The ten-day buffer principle β€” filing every MCA form ten working days before its statutory due date β€” eliminates virtually all penalty risk attributable to portal issues, DSC expiry, and professional availability conflicts. It costs nothing and removes a category of risk entirely.


Key Takeaways

  • Form 11 is due 30 May; Form 8 is due 30 October β€” every year, for every LLP, regardless of turnover, profit, or whether the LLP transacted at all. There is no nil-return exemption.
  • The penalty is Rs. 100 per day per form with no statutory cap. A combined two-year delay on both forms can generate penalties exceeding Rs. 1.5 lakh before professional fees.
  • Statutory audit and tax audit are independent obligations. Statutory audit under the LLP Act is triggered when turnover exceeds Rs. 40 lakh or partner contribution exceeds Rs. 25 lakh. Tax audit under Section 44AB is triggered separately when business turnover exceeds Rs. 1 crore (or Rs. 10 crore for qualifying digital businesses) or professional receipts exceed Rs. 50 lakh.
  • ITR-5 has three possible due dates β€” 31 July for non-audit LLPs, 31 October for audit-track LLPs, and 30 November for transfer pricing LLPs. Filing late forfeits the right to carry forward unabsorbed business losses under Section 139(1), which is often the largest financial consequence.
  • DIR-3 KYC is due 30 September for every designated partner holding a DIN. A deactivated DIN blocks all MCA filings and costs Rs. 5,000 per partner to reactivate. File by 15 September every year.
  • Reconcile AIS and TIS before filing ITR-5. Discrepancies between AIS data and declared figures trigger automated adjustments and scrutiny β€” resolve them in July, before the filing window, not after a notice arrives.
  • Build in a ten-day buffer on every deadline and audit your compliance calendar in April. The LLP structure's operational simplicity is only realised when its tight filing discipline is maintained year after year.
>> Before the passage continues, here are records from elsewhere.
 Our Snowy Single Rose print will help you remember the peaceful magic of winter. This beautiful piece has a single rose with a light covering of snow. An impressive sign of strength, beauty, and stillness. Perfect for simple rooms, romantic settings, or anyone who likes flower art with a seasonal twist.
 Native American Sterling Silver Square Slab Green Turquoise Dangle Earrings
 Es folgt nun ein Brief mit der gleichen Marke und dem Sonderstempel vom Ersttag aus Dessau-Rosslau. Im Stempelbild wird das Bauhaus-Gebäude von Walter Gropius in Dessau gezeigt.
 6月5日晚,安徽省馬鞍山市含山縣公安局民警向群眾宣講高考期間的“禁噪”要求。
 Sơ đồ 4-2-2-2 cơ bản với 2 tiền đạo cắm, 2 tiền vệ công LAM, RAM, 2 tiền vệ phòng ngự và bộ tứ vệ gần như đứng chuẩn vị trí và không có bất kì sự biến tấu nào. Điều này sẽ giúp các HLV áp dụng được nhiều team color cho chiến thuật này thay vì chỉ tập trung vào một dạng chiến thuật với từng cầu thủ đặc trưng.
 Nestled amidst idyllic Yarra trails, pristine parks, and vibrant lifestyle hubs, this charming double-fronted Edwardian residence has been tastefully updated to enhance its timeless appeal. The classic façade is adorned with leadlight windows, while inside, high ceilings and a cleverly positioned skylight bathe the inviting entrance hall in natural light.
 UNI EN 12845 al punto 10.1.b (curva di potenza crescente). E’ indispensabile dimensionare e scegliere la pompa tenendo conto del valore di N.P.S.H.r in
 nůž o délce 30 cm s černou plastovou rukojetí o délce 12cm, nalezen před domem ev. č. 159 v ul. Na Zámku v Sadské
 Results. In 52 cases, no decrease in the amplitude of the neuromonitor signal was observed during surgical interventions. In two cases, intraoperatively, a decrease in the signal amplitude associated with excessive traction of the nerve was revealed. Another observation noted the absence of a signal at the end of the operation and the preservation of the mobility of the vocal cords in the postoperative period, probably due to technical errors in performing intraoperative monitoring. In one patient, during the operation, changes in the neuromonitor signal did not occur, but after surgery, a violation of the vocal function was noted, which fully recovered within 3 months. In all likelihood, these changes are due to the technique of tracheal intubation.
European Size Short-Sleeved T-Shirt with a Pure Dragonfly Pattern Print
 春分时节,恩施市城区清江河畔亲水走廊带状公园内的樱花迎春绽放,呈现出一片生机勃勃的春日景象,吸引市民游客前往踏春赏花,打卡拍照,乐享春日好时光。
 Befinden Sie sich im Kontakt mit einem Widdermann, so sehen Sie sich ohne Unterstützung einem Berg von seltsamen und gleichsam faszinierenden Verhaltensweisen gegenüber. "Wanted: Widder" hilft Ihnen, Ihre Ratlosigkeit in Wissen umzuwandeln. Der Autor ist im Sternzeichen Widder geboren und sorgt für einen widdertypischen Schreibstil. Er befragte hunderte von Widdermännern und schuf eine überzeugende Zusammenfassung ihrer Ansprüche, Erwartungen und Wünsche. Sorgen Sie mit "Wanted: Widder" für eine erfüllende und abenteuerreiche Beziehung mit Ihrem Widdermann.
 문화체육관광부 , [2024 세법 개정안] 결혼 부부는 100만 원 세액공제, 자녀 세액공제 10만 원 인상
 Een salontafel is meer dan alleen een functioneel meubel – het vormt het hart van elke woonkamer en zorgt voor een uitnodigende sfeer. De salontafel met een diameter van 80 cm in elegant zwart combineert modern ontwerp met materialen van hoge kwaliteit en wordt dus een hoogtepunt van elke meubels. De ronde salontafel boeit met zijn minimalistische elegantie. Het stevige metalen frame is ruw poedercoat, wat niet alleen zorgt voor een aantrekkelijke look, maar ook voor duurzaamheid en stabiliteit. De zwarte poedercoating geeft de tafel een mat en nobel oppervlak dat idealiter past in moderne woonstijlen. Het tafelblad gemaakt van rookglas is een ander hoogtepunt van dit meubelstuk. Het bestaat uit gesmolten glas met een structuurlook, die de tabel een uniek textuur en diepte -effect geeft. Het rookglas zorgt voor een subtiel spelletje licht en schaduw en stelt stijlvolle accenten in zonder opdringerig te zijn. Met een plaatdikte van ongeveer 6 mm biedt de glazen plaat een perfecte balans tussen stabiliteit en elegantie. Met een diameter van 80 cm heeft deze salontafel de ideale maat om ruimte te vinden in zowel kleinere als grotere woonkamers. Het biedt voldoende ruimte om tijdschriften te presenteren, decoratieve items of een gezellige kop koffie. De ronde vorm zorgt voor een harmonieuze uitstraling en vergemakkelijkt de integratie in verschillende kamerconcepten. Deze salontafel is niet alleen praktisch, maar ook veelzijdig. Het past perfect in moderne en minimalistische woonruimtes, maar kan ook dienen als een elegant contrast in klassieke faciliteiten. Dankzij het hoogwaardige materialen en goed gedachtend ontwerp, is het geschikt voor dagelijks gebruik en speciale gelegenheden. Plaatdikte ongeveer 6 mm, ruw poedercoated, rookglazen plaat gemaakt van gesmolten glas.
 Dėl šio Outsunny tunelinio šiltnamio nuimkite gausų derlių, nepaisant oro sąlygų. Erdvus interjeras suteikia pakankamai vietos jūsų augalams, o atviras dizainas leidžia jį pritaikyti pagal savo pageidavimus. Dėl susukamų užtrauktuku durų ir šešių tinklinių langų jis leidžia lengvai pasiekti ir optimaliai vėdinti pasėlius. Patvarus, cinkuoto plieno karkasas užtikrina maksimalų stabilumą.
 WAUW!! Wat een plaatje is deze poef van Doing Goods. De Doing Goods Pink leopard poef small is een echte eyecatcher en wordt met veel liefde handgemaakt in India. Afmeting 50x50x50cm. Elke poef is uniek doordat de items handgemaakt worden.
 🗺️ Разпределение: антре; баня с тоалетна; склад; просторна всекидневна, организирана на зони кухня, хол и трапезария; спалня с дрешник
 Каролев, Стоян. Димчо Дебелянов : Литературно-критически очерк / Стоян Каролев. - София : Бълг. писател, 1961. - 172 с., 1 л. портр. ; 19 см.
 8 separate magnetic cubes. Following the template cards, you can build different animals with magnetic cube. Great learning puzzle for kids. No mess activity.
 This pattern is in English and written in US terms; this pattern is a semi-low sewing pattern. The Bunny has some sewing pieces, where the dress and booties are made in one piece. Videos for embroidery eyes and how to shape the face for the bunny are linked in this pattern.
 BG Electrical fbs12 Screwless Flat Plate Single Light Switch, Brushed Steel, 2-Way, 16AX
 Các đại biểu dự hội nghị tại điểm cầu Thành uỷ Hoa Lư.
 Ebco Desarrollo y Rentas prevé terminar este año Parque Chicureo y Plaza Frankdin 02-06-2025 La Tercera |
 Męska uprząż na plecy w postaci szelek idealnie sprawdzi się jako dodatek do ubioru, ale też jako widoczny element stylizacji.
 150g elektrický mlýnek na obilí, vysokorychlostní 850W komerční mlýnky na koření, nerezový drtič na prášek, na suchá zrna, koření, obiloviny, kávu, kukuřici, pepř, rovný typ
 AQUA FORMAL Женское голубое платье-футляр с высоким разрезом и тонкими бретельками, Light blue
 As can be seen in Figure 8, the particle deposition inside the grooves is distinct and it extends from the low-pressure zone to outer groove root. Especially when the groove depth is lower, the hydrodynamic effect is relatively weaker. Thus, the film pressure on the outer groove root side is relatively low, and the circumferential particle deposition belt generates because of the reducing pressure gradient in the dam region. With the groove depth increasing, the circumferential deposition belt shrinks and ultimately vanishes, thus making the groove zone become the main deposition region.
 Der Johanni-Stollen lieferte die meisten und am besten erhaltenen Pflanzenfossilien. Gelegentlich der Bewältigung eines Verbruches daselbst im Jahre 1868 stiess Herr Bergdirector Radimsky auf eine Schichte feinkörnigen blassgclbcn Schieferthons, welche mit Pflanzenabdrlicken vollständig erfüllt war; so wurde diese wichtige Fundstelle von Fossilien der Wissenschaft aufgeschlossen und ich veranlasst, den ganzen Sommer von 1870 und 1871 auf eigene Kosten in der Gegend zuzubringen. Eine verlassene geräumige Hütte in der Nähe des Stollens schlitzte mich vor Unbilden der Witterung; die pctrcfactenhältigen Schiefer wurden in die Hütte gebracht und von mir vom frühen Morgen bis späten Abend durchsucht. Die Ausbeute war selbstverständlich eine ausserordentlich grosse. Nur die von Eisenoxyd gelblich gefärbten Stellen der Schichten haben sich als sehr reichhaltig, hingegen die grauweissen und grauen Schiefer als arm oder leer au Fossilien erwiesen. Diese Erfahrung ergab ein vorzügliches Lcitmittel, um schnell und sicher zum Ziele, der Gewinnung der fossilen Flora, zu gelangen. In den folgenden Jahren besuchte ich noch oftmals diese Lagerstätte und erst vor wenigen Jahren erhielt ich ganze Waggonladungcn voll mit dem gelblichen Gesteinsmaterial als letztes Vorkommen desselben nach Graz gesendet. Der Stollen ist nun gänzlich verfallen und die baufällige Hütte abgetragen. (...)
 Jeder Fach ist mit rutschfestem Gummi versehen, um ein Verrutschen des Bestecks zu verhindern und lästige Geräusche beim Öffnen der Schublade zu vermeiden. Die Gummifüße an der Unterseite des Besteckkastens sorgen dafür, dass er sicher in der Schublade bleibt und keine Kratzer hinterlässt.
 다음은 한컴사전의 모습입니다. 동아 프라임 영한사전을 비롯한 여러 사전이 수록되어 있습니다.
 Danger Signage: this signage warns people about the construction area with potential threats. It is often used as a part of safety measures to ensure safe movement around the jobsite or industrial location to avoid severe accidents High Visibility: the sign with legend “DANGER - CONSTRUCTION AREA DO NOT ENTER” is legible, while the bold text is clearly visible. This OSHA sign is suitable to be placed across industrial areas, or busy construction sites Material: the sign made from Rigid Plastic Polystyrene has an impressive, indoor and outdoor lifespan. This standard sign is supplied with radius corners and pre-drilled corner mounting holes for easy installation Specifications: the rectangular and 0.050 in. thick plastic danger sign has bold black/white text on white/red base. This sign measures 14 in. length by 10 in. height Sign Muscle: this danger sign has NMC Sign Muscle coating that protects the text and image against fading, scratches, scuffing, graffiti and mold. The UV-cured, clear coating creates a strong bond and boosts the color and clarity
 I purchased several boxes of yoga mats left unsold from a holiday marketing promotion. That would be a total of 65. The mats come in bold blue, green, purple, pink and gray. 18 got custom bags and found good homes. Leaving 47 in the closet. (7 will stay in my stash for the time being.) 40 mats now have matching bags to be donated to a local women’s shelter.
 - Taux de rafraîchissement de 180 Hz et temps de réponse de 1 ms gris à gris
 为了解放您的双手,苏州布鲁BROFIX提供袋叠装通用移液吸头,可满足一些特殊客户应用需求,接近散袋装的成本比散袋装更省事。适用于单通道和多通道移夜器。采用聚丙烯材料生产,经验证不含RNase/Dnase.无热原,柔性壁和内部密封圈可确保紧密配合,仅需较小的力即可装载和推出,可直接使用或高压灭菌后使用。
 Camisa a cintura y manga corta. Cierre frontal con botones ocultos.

Frequently Asked Questions

What is the due date for LLP Form 11 for FY 2025-26?
Form 11, the Annual Return of an LLP, is due on or before 30 May 2026 for the financial year ended 31 March 2026. The form captures partner-level details, contribution structure, and any changes during the year and must be filed on the MCA V3 portal with a designated partner's digital signature.
When is Form 8 due for an LLP?
Form 8, the Statement of Account and Solvency of an LLP, is due on or before 30 October each year. For FY 2025-26 it must be filed by 30 October 2026. The form must be certified by a practising chartered accountant, company secretary, or cost accountant and signed digitally by two designated partners.
Does an LLP file an income tax return?
Yes. Every LLP must file an income tax return in Form ITR-5 each year, regardless of profit or loss. The due date is 31 July of the assessment year for LLPs that are not subject to a tax audit and 31 October for LLPs subject to a tax audit under Section 44AB of the Income Tax Act.
Is DIR-3 KYC compulsory for LLP partners?
Yes. Every individual holding a Director Identification Number, including designated partners of an LLP, must complete DIR-3 KYC on or before 30 September each year. Failure to do so deactivates the DIN, which in turn blocks every other MCA filing the LLP is required to make.